Brown University's leadership in electronic book systems continued for many years, including navy-funded projects for electronic repair-manuals;[15] a large-scale distributed hypermedia system known as InterMedia;[16] a spinoff company Electronic Book Technologies that built DynaText, the first SGML-based book-reader system; and the Scholarly Technology Group's extensive work on the still-prevalent Open eBook standard.

Michael Hart (left) and Gregory Newby (right) of Project Gutenberg, 2006

Michael S. Hart (1971)[edit]

Despite the extensive earlier history, several publications report Michael S. Hart as the inventor of the e-book.[17][18][19] In 1971, the operators of the Xerox Sigma V mainframe at the University of Illinois gave Hart extensive computer-time.

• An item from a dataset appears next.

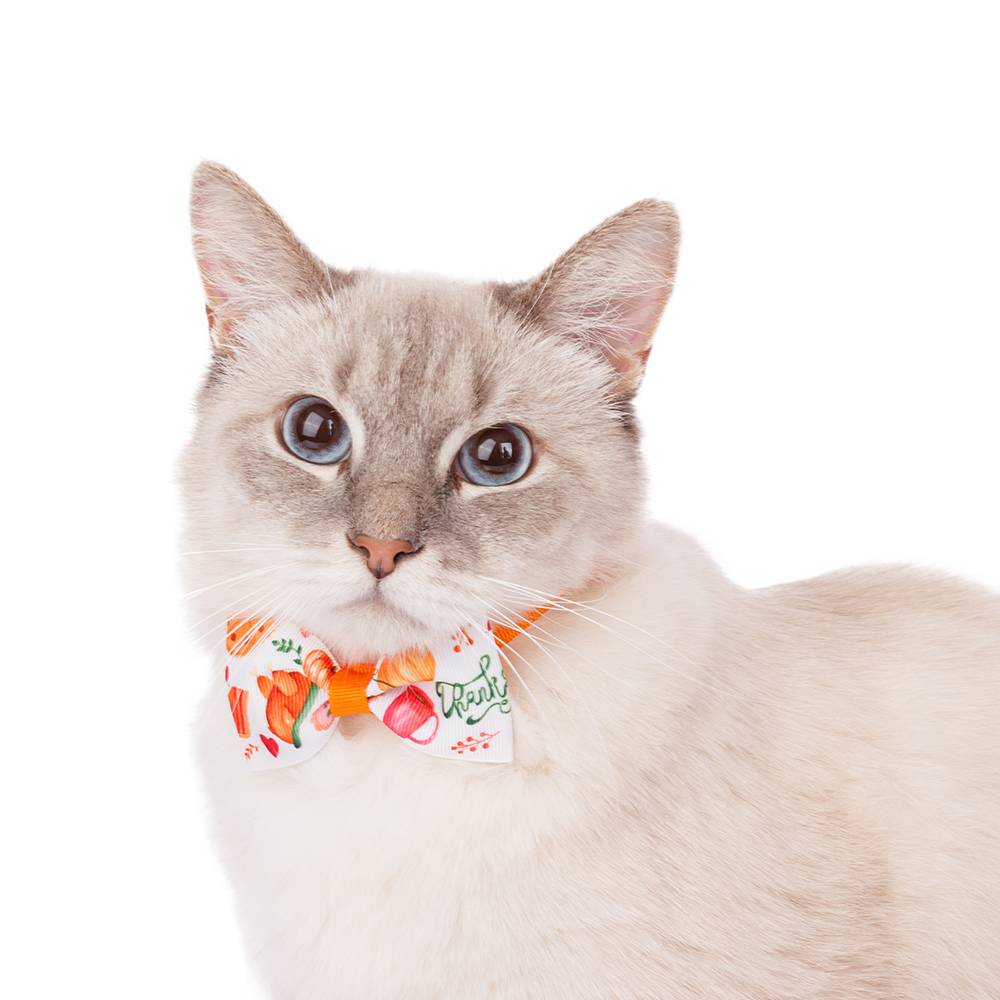 Белый галстук-бант с тыквами станет прекрасным подарком питомцу!

Seeking a worthy use of this resource, he created his first electronic document by typing the United States Declaration of Independence into a computer.[20]

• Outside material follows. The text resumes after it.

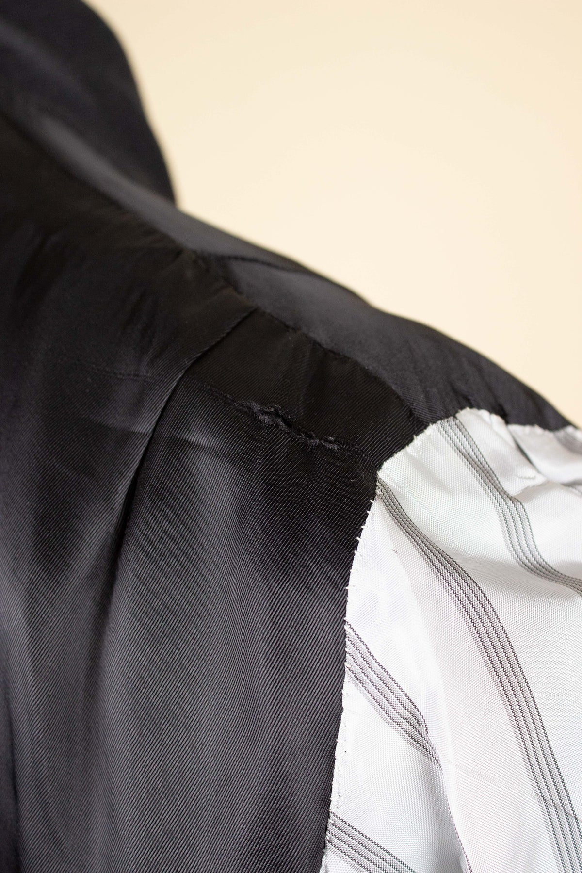 As for the condition, the overall impression is very good. However, on closer inspection of the interior, a few minor imperfections can be found. There is a small tear in the jacket lining, and there are also some discolourations in the lining of both the jacket and trousers. These, however, do not affect the overall impression and are not visible when the suit is worn. From a craftsmanship perspective, it is a very fine suit. Please study the photos to form your own opinion of its condition.

Early e-book implementations[edit]

After Hart first adapted the Declaration of Independence into an electronic document in 1971, Project Gutenberg was launched to create electronic copies of more texts - especially books.[20]

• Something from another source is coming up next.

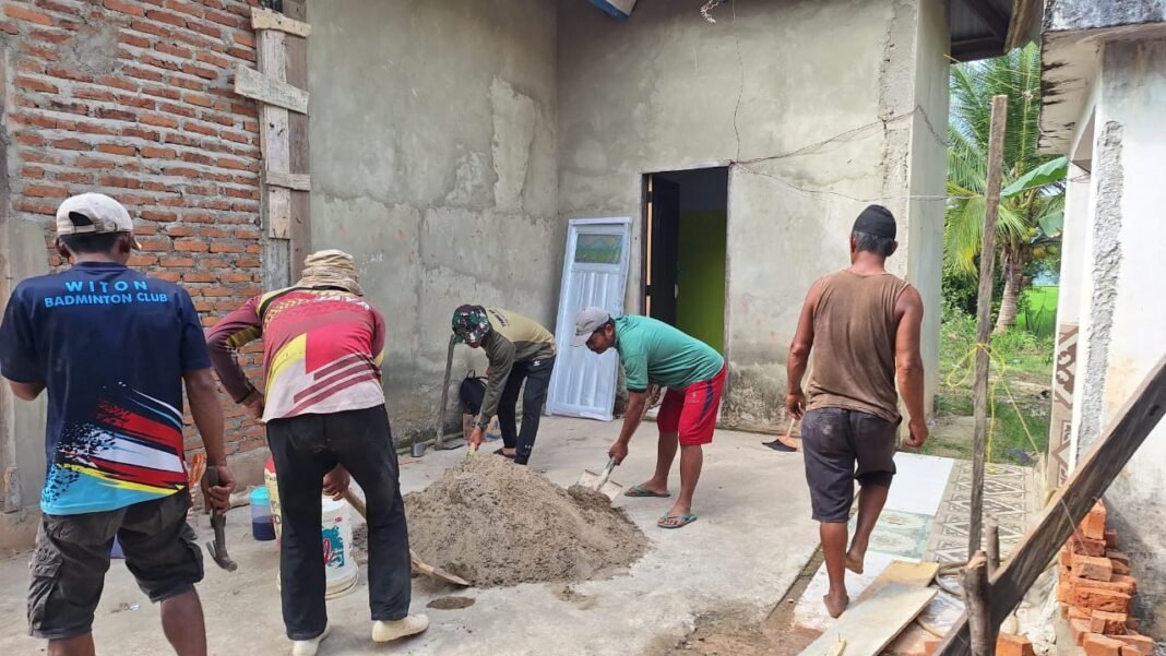 Dikatakan Dan SST Lettu Inf Iswari proses pengerjaan tersebut dilaksanakan pemasangan batu bata yang membentuk dinding yang kokoh dan kuat.

Another early e-book implementation was the desktop prototype for a proposed notebook computer, the Dynabook, in the 1970s at PARC: a general-purpose portable personal computer capable of displaying books for reading.[21]

In 1992, Sony launched the Data Discman, an electronic book reader that could read e-books that were stored on CDs. One of the electronic publications that could be played on the Data Discman was called The Library of the Future.[22]

Early e-books were generally written for specialty areas and a limited audience, meant to be read only by small and devoted interest groups. The scope of the subject matter of these e-books included technical manuals for hardware, manufacturing techniques, and other subjects.[citation needed] In the 1990s, the general availability of the Internet made transferring electronic files much easier, including e-books.[citation needed]

E-book formats[edit]

Reading an ebook on public transit

As e-book formats emerged and proliferated,[citation needed] some garnered support from major software companies, such as Adobe with its PDF format and others supported by independent and open-source programmers.[citation needed] Different e-readers followed different formats, most of them specializing in only one format, thereby fragmenting the e-book market even more. Due to the exclusiveness and limited readerships of e-books, the fractured market of independent publishers and specialty authors lacked consensus regarding a standard for packaging and selling e-books.[citation needed]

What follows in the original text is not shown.